Над тихими водами Бретани, в вечерней тиши неслось на два нестройных голоса: «Замыка-ая кру-уг, ты в глаза-а посмотришь вдру-у-уг»…
ГРЕХИ ВОЙНЫ
- Деда, - Севка пошевелил сучковатой палкой угли в костре. – А что, правду говорят, что убивать грешно?
- Правда, - дед затянулся папироской. – Грешно.
- А ты на войне убивал? – выпытывал Севка.
- Было дело, - кивнул дед.
- Немцев? – Севка выкатил из углей картошку.
- Немцев, - согласился дед.
- Так грех же, - прищурил Севка один глаз.
- Не-ет, - дед потушил окурок. – Тогда я родину от супостата фашистского защищал. А вот в девяносто втором взял грех на душу.
- Это как? – заинтересовался Севка.
- Аккурат девятого мая повезли нас в Москву на парад, - дед чиркнул спичкой, прикурив новую папиросу. – Ну, уж после того зашел я в пивную на вокзале. Жара стояла такая, что в горле пересыхало. Взял два бокала и, значит, к столику.

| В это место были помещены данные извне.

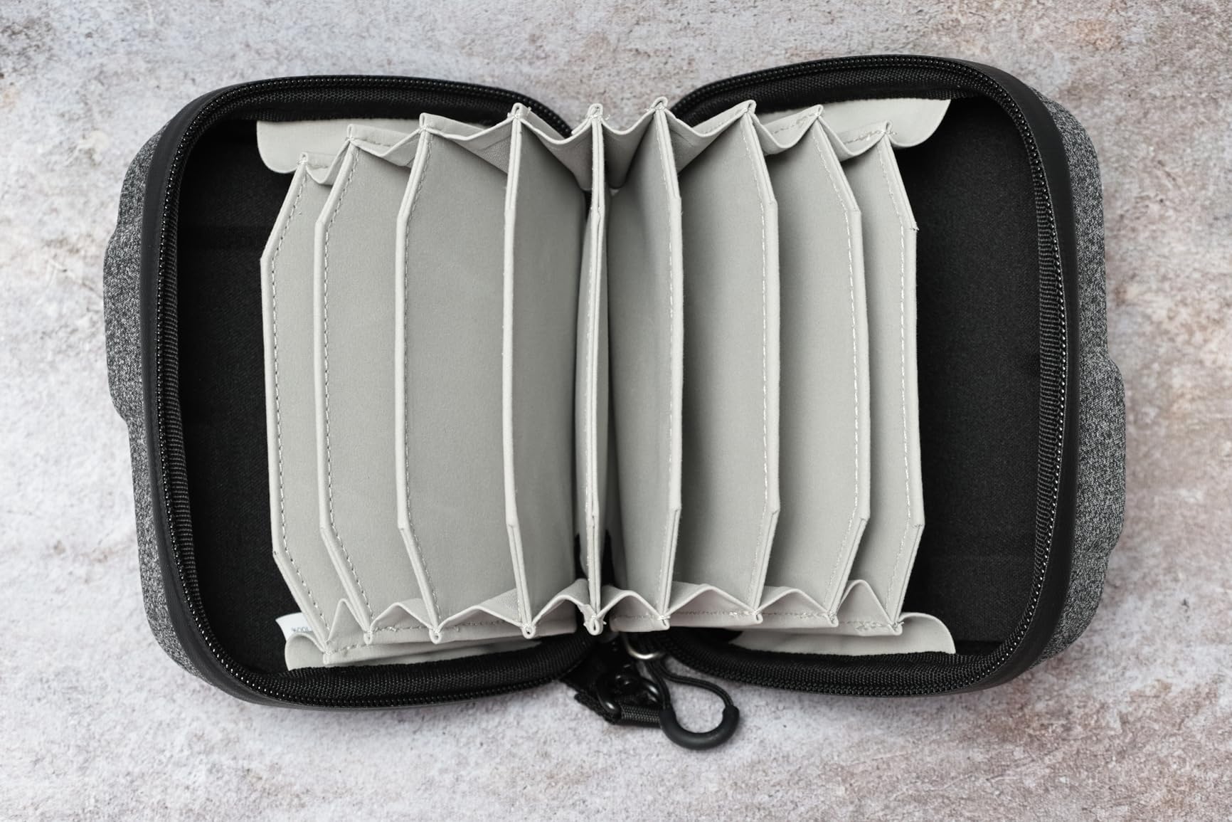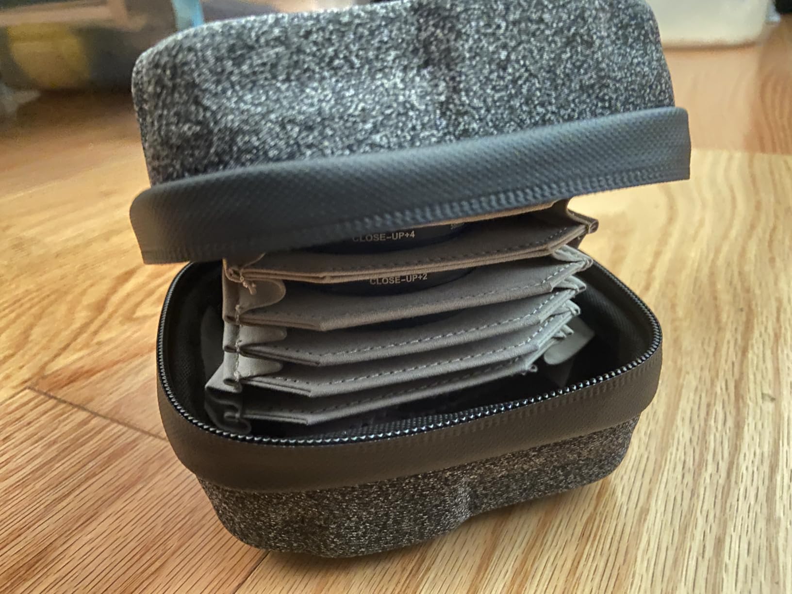 This 10 in 1 Lens Filter Case from K&F Concept is a good solution for storing lens filters. The hard shell has a little bit of flex while being firm enough to provide good protection. The interior envelopes feel like soft suede and the compartment dividers form a buffer between filters. Opening the case makes it fan out like an accordion until the case lays flat allowing a good view of the filters, making it easy to grab the one you want.
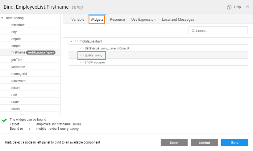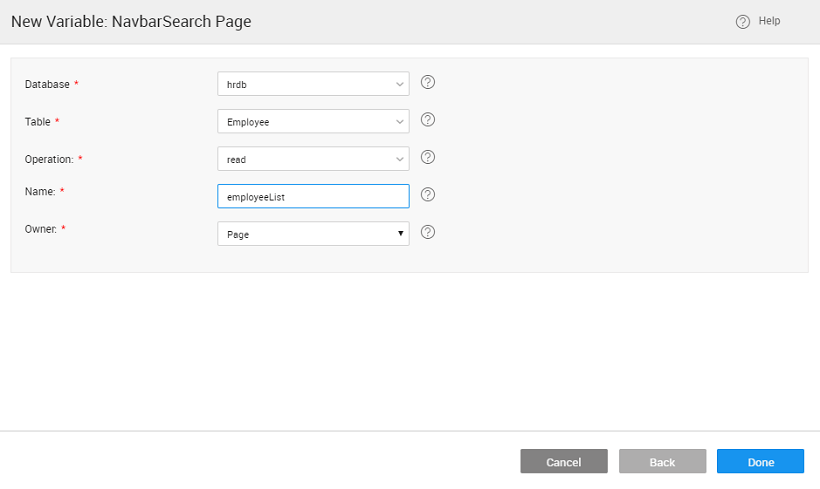 We will see how to configure the Search widget within the Navbar. We will create a list using the Employee data from sample hrdb and provide search functionality on the Employee's first name.

А там сидит такой же – грудь в медалях…
- Сослуживец оказался? – догадался Севка.
- Ага, - дед усмехнулся в усы. – Оказалось, в одном бою мы с ним были, только по разные стороны баррикад, как говорится.

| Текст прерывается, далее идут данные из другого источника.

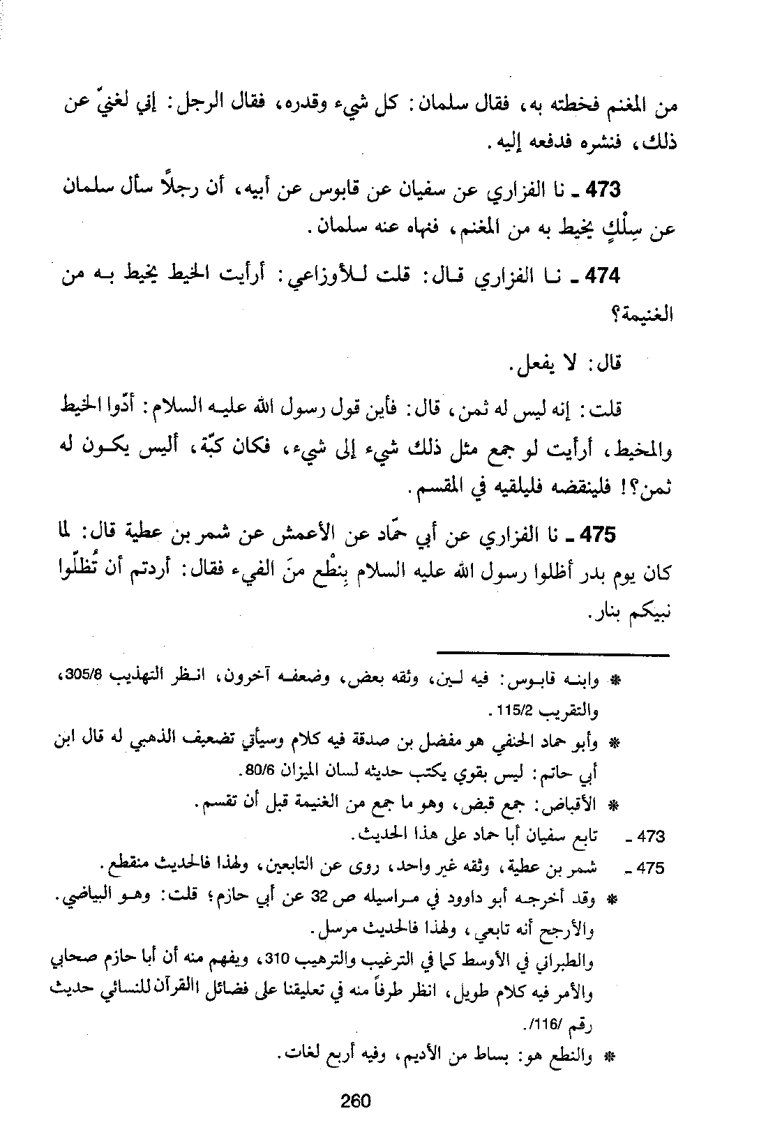 473 - نا الْفَزَارِيُّ، عَنْ سُفْيَانَ، عَنْ قَابُوسَ، عَنْ أَبِيهِ، أَنَّ رَجُلًا §سَأَلَ سَلْمَانَ عَنْ سَلَكٍ يَخِيطُ بِهِ مِنَ الْمَغْنَمِ، فَنَهَاهُ عَنْهُ سَلْمَانُ.
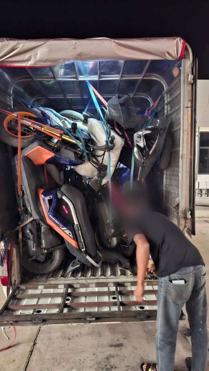 รวบกระบะตู้ทึบ ขน รถจยย.ต้องสงสัย 8 คัน มุ่งหน้าชายแดน คนขับรับจ้างผ่านไลน์ สุดท้ายโดนบล็อกหนี ลอยแพไม่จ่ายเงิน
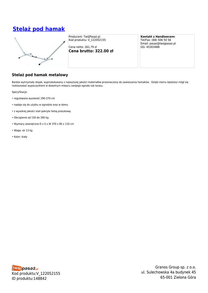 Stelaż pod hamak Producent: TwójPasaż.pl Kod produktu: V_122052155 Cena netto: 261,79 zł Kontakt z Handlowcem: Tel/Fax: (68) 506 50 56 Email: [email protected] GG: 45303488 Cena brutto: 322.00 zł Stelaż pod hamak metalowy Bardzo wytrzymały stojak, wyprodukowany z najwyższej jakości materiałów przeznaczony do zawieszania hamaków. Dzięki niemu będziesz mógł się rozkoszować wypoczynkiem w dowolnym miejscu swojego ogrodu lub tarasu. Specyfikacja: • regulowana wysokość 290-370 cm • nadaje się do użytku w ogrodzie oraz w domu • z wysokiej jakości stali pokryte farbą proszkową • Obciążenie od 150 do 300 kg • Wymiary zewnętrzne D x S x W 370 x 90 x 110 cm • Waga: ok 13 kg • Kolor: biały Kod produktu:V_122052155 ID produktu:148842 Granos Group sp. z o.o. ul. Sulechowska 4a budynek 45 65-001 Zielona Góra
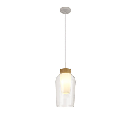 Nordica 20cm 1 Light Pendant Light - White & Beech With Ivory Shade
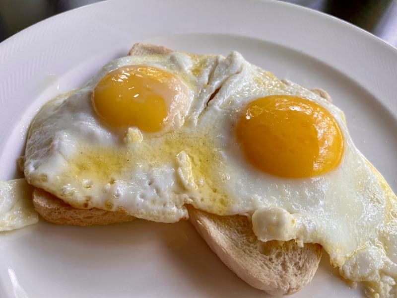 hier gab es zum späten frühstück toast mit spiegeleiern (eigentlich: setzeiern)
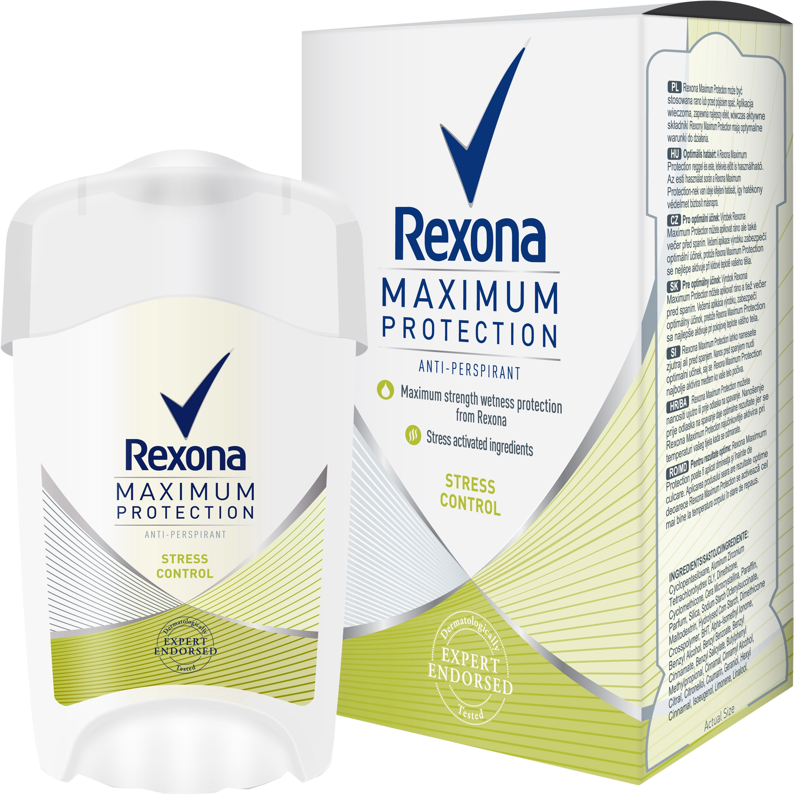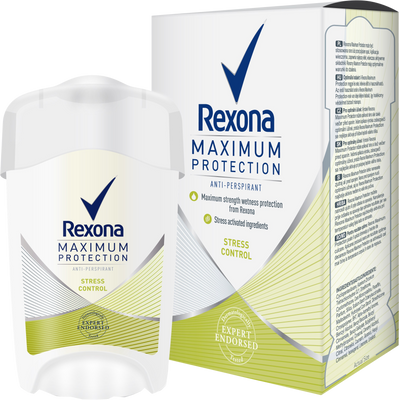 Rexona Maximum Protection Stress Control 45 mlVšetko o produkteDoplňujúce informácieHodnotenie produktuRexona Maximum Protection poskytuje našu najúčinnejšiu, dlhotrvajúcu ochranu proti poteniu a zápachu, napriek tomu je dostatočne jemná aby bola vhodná na každodenné použitie. Zložky aktivované stresom, zabezpečujú preukázanú ochranu proti poteniu spôsobenému stresom.

- Он за немцев воевал, что ли? – Севка подался вперед.
- Не-ет, - протянул дед. – Нас тогда трое со всего взвода из окружения вышло. Как водится, всех в штрафбат. Немцы танками пёрли, а у нас – саперные лопатки только. Конечно, кто посмелее, тот танки пропускал и в рукопашную с пехотой. А кто послабее, тот назад отступал.

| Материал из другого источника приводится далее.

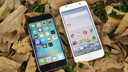 HTC One A9 (phải) ra mắt tối 20/10 gây nhiều sự chú ý khi có mức giá tốt, cấu hình ổn và đặc biệt là kiểu dáng mang nhiều nét tương đồng với iPhone 6s ở mặt sau. |
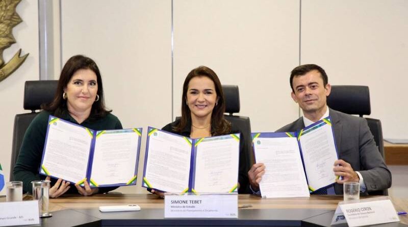 A prefeita de Campo Grande, Adriane Lopes (PP), a ministra do Planejamento, Simone Tebet, e o secretário do Tesouro Nacional, Rogério Ceron, assinaram a adesão da Capital ao Plano de Promoção do Equilíbrio Fiscal (PEF), nesta terça-feira (9). A medida permite à prefeitura contratar empréstimos com valor anual de até R$ 156 milhões.
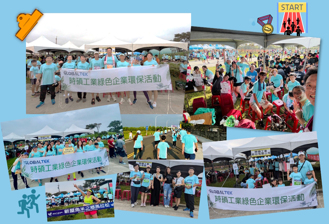 接續今年的校園植樹愛地球活動之後,時碩2024綠色企業環保活動的另一個重頭戲就是希望能結合員工,一起投入支持在地活動,一起為達成聯合國永續發展目標盡一份力。時碩工業台灣廠區位於桃園新屋及楊梅幼獅,關心新屋區活動,贊助[桃園新屋魚米之鄉馬拉松活動]新台幣10萬元,以實際行動支持在地居民的愛心行動社區,2024年10月6日由詹前偉副總親率時碩100多位同仁和眷屬熱情參與新屋魚米之鄉馬拉松活動,夥伴們不到凌晨4點就起床奔赴新屋農業博覽會基地,展現了驚人的活力和精神!

- И ты отступал? – Севка подул на картофелину.
- Не-ет, - дед глотнул из фляжки. – Я в окопе остался. А Колька – земляк мой с Тимофеевки, побежал.
- Струсил? – Севка откусил кусок, обжигаясь.
- А ты бы не струсил? – покачал головой дед. – У него трое деток дома остались, мал мала меньше, вот и хотел живым вернуться.
- Так это он был? – ахнул Севка. – В пивной-то?
- Не-ет, - дед прихлебнул ещё. – Этот гад в загранотряде сидел. Он-то Кольку и положил.
- А где это? – заинтересовался Севка. – В загранотряде?
- А это сзади нас, - кивнул дед. – Чтоб не отступали.
- Так они что, по своим стреляли? – ужаснулся Севка.
- Ну, положим, своими они нас не считали, - усмехнулся дед.
- И что, он вспомнил тот бой?
- Вспомнил, - дед поднялся с бревна. - Память, говорит, тренирую с детства. Ну, я его в туалете вокзальном и придушил.
- Как? – Севка выронил картошку.
- Ремешком от брюк, - дед стряхнул пепел со штанов. – Как в разведбате учили.
- Деда, - осторожно начал Севка. – Это как-то неправильно. Нельзя было так.
- Я ж как с войны-то вернулся, - не обратил внимания на Севкины слова дед. – Так на вдове Колькиной женился. С тремя, значит, пацанами взял. Младший из них, Андрюха – отец твой. Вот такой грех, внучок, на душу принял.
- Де-ед, - протянул Севка. – А можно я эту историю в сочинении про войну опишу. Нам на лето задали.
- Я тебе напишу! – прикрикнул дед. – Мне только на старости лет осталось на нары загреметь.
- Зря, - прищелкнул языком Севка. – Я уж и название придумал – «Киллер из штрафбата».
ГРЕХИ ВОЙНЫ - 2
Есть истории, которые западают в память с детства. И, как ни старайся, их не удается удалить с помощью хитроумных программ. Истории эти разные – веселые и не очень. Расскажу вам одну из разряда «не очень». Моя первая учительница в школе прошла через войну. Будучи подростком, она воевала в партизанском отряде. В советское время в школах были популярны «Уроки памяти». Вот, на одном из таких уроков и услышали мы эту историю.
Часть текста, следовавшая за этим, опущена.